━━━ Provided material ━━━
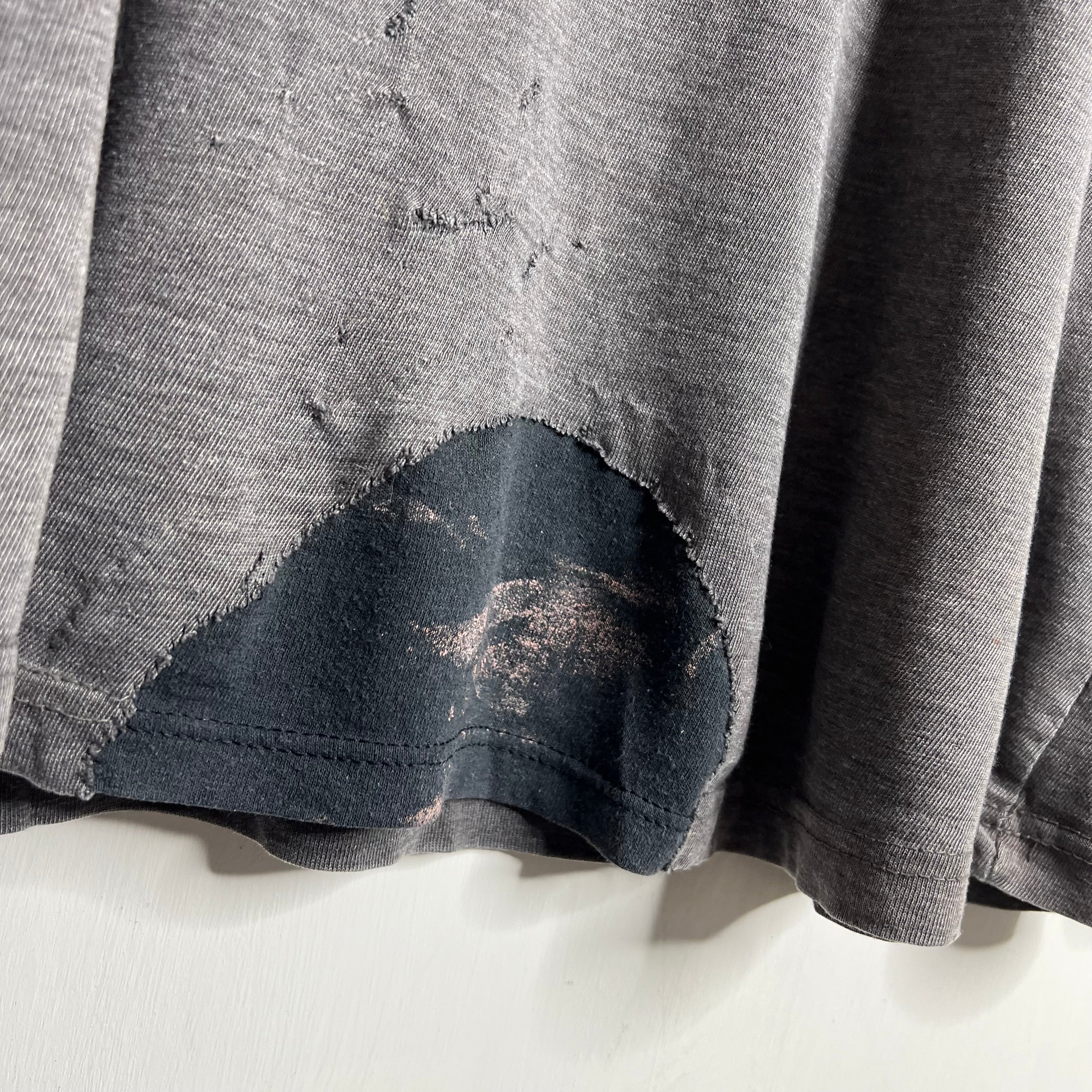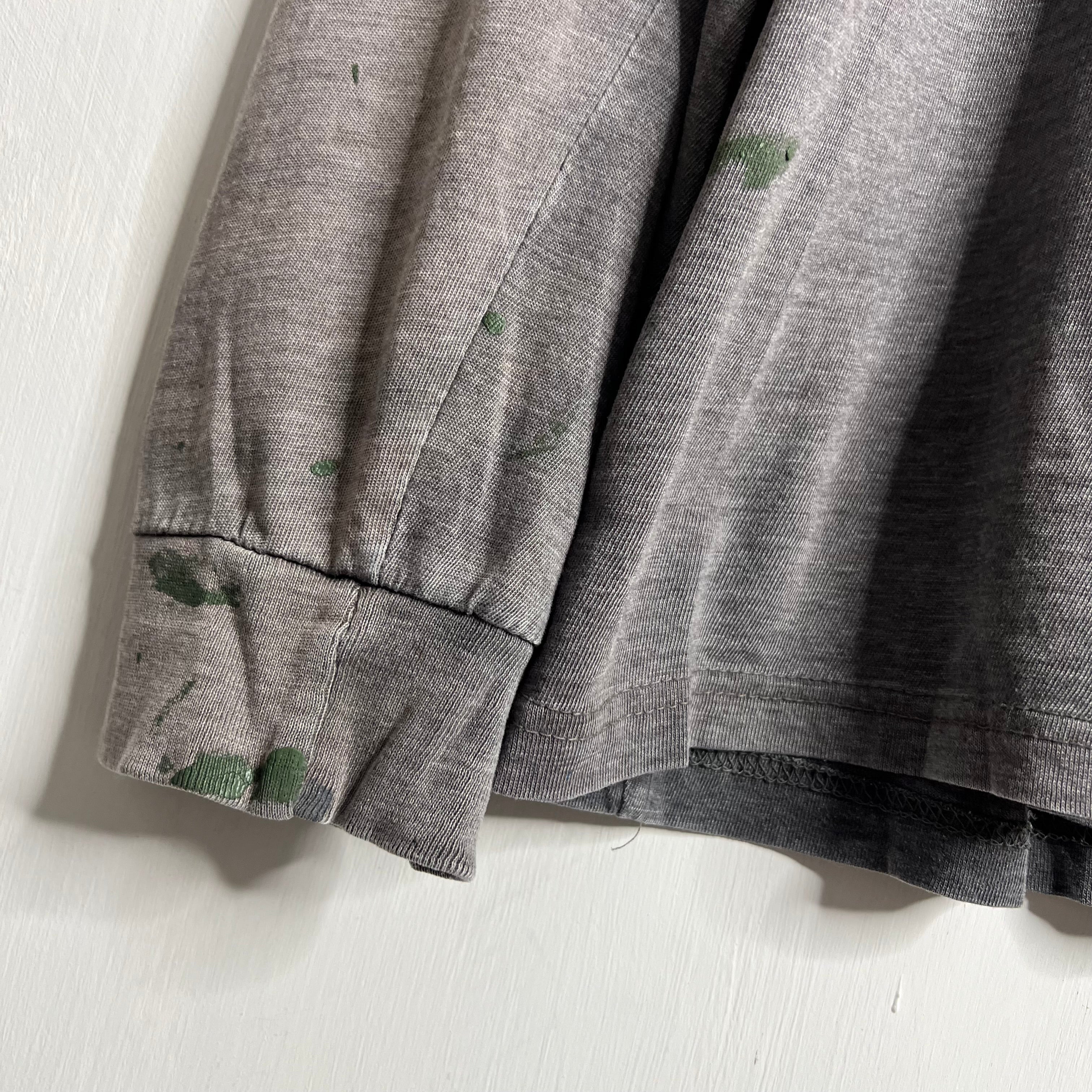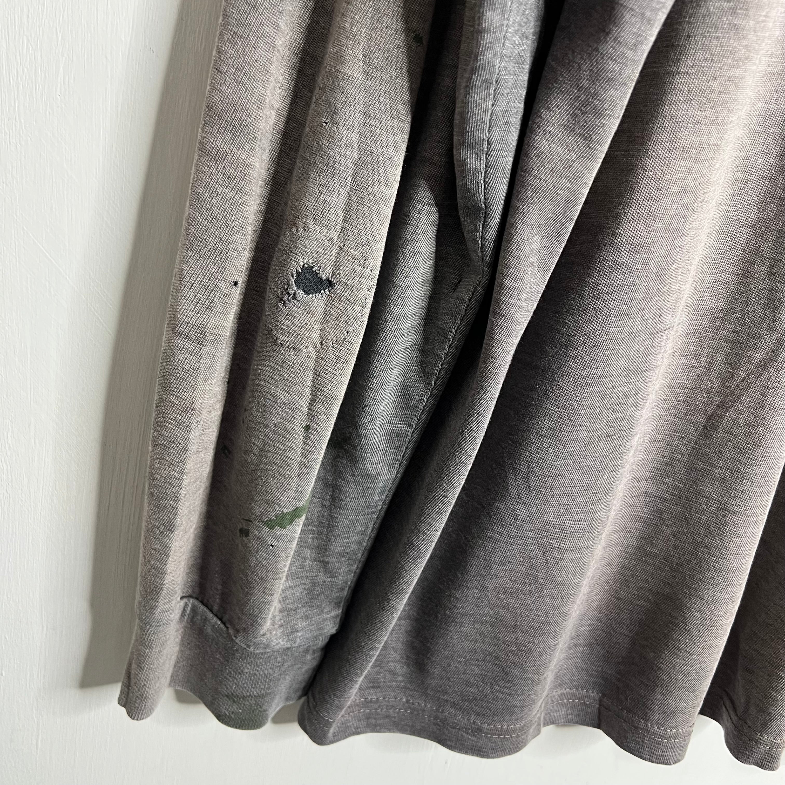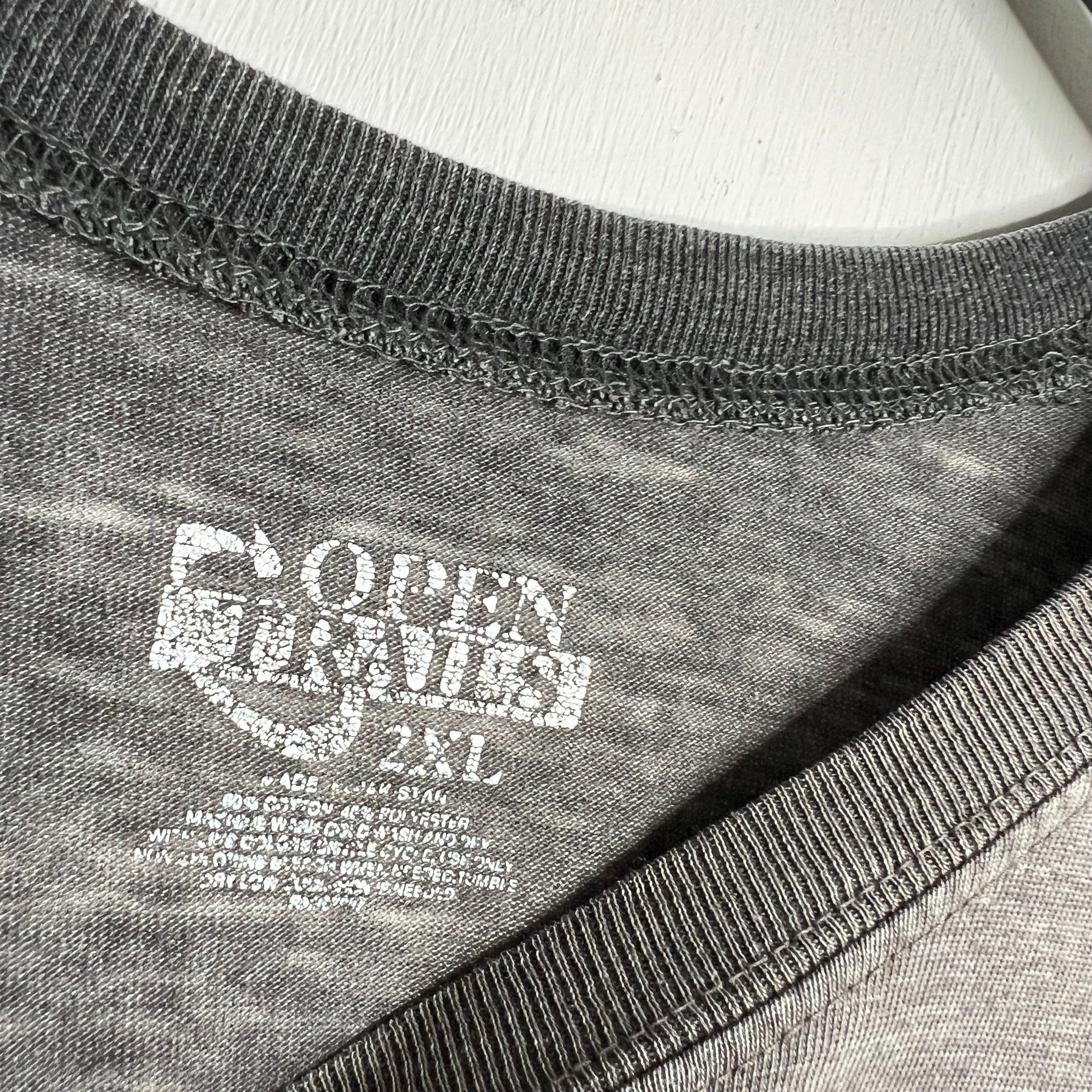 A true slam trasher. Hand-stitched repairs done in-house by us-us (bottom patch section, slightly off-center pocket restitch, etc..). 28" armpit to armpit, 30.5" top of back collar to bottom. Open Trails says 2XL, fits big. 50% cotton/50% polyester. Made in the Americas.
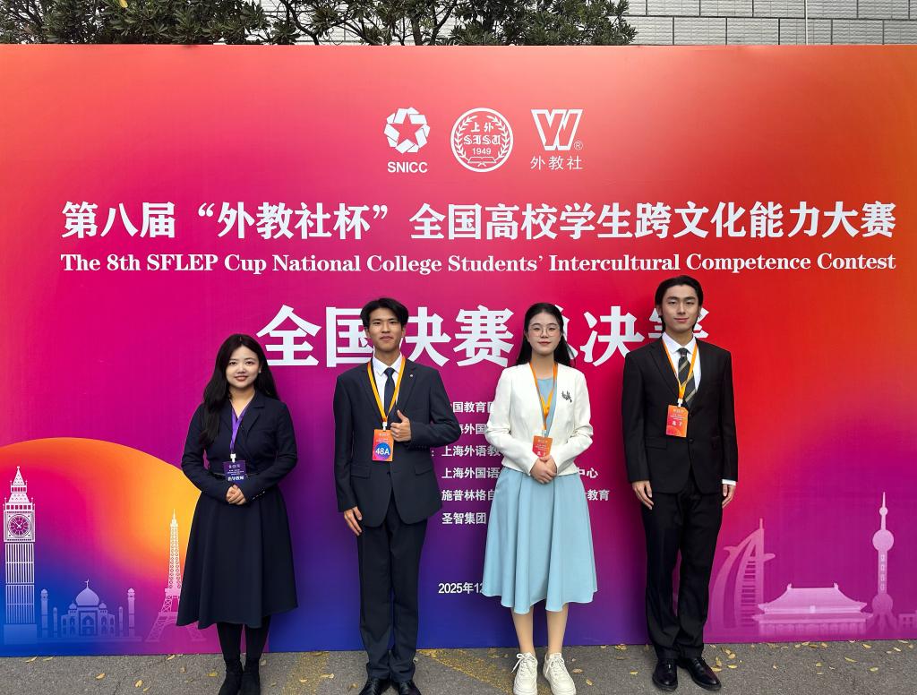 12月11日-14日,第八届“外教社杯”全国高校学生跨文化能力大赛决赛在上海外国语大学举办。我院24关务1班全英豪、25国贸1班王康宇、25跨电2班刘雨萌组成的参赛团队斩获全国二等奖。
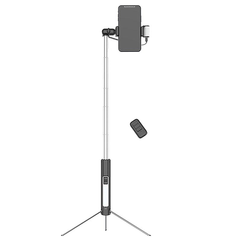 - Multifunctionele selfiestick met statief, invullicht en verwijderbare camerasluiter
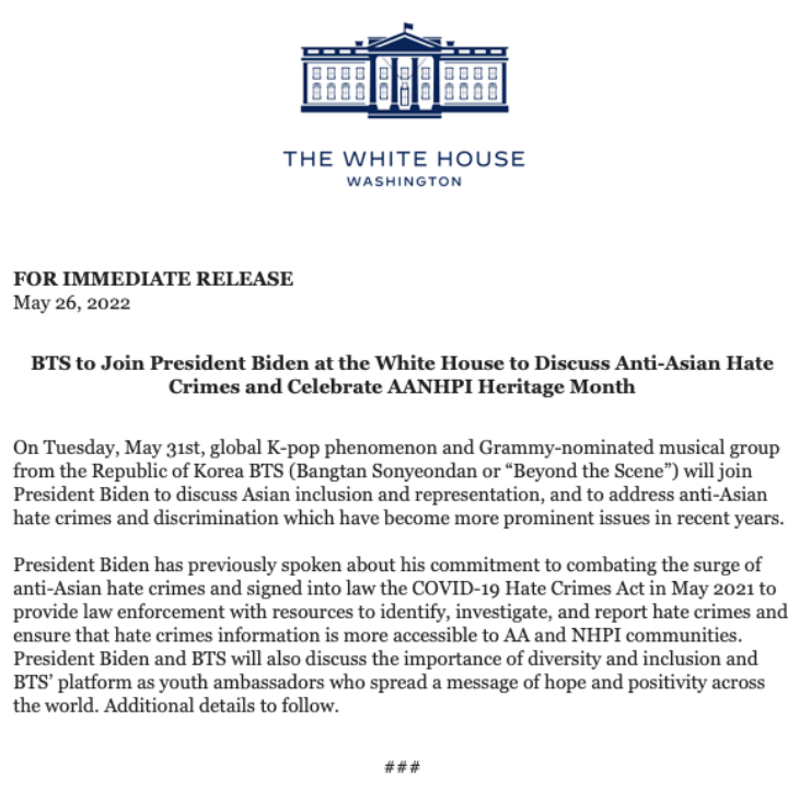 방탄소년단은 오는 31일 백악관을 찾는다. 5월은 아시아계 미국인·하와이 원주민·태평양 제도 주민(AANHPI) 문화의 달. 백악관은 이를 기념해 BTS에 방문을 요청했다.
━━━
The listing above should be repeated word for word, pictures removed.

Task result:
 A true slam trasher. Hand-stitched repairs done in-house by us-us (bottom patch section, slightly off-center pocket restitch, etc..). 28" armpit to armpit, 30.5" top of back collar to bottom. Open Trails says 2XL, fits big. 50% cotton/50% polyester. Made in the Americas.
 12月11日-14日,第八届“外教社杯”全国高校学生跨文化能力大赛决赛在上海外国语大学举办。我院24关务1班全英豪、25国贸1班王康宇、25跨电2班刘雨萌组成的参赛团队斩获全国二等奖。
 - Multifunctionele selfiestick met statief, invullicht en verwijderbare camerasluiter
 방탄소년단은 오는 31일 백악관을 찾는다. 5월은 아시아계 미국인·하와이 원주민·태평양 제도 주민(AANHPI) 문화의 달. 백악관은 이를 기념해 BTS에 방문을 요청했다.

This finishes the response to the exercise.